By: Jim Matthews
Trout plants will resume at Lake Skinner after two-plus years without being stocked by either Department of Fish and Wildlife (DFW) or the Riverside County Parks and Open Space District. This popular fishing reservoir once drew large crowds during the winter months.
However, that was before the plants were stopped by DFW until the state could document the trout posed no threat to native steelhead trout that might exist in the watershed.
DFW’s scientific staff was able to convince federal biologists with National Ocean and Atmospheric Administration (NOAA) and U.S. Fish and Wildlife Service it would be an impossibility for the hatchery rainbow trout they now plant to hybridize with native steelhead even on the one-in-a-gazillion chance the two fish actually ended up in the same pool of water in a river that is dry 99 percent of the time. The trout DFW now plants are sterile.
The first plant will come soon, but DFW never divulges what day the truck will arrive.
“When we first heard the lake was going to be planted, we posted it on Facebook and in our fishing report, and people got crazy,” said Candy Grajczyk, the manager of the marina-store concession at Skinner. “The phone calls, the e-mails — people wanted to know when the plant was coming.”
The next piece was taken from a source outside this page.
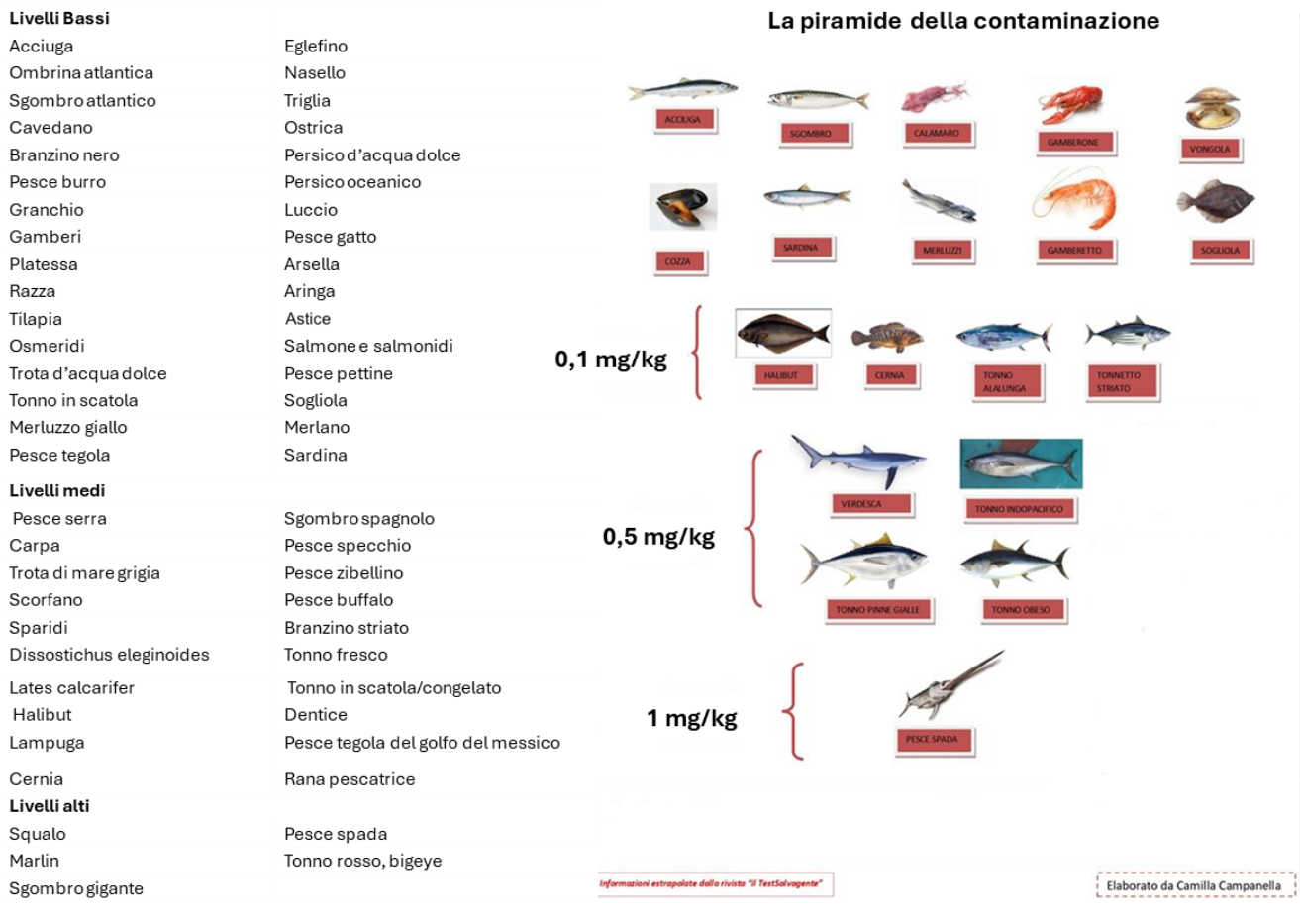 Negli ultimi anni, le raccomandazioni nutrizionali, incluse la Linee guida per una sana alimentazione del CREA e i pareri scientifici dell’EFSA del 2012 e del 2015, hanno incoraggiato il consumo regolare di pesce per via dei suoi benefici ben noti: proteine a elevato valore biologico, acidi grassi omega-3 a catena lunga, selenio, calcio, vitamina A e vitamina D. Tuttavia, si è parlato poco dei rischi legati alla contaminazione da metilmercurio (MeHg), la forma chimica con cui il mercurio (un metallo pesante neurotossico) si bioaccumula nel pesce e altri prodotti ittici, soprattutto nei grandi predatori marini, tra cui specie normalmente consumate in Italia come tonno, pesce spada e i grandi merluzzi.

Grajczyk said they heard plants were likely to resume this winter back in December. It was hoped the plants would resume in January, but DFW some final paperwork to complete. Grajczyk said they finally got word the plants would arrive sometime this coming week.
In addition to state trout plants, county parks have also planted trout in the past. Those plants may not resume this season, but it is almost certain the county will also add fish next winter.
“Absolutely we will resume stocking as soon as possible,” said Scott Bangle, general manager of county parks Friday. “I need to check with my folks to see the status, but I imagine we may have supply challenges for this season.”
The resumption of plants at Skinner comes at a difficult time for DFW, which was forced to cut its stocking program by 50 percent this year because of a projected budget shortfall for the trout hatchery program. Those cuts are already being implemented across the state.
Whether or not the wildlife agency will need to keep those cuts in place depends on whether or not the legislature gives DFW access to money that is put into a hatchery fund each year. In 2012, the legislature had granted DFW access to this fund for a three-year period. Prior to that, it sometimes didn’t allow the agency to spend the money under the guise of saving money, even though it was a “paper” savings. The money was still allocated each year by law, so there was no real savings. The legislature must decide by late spring if DFW will get the funds for this coming fiscal year, and then DFW could ramp back up its stocking levels.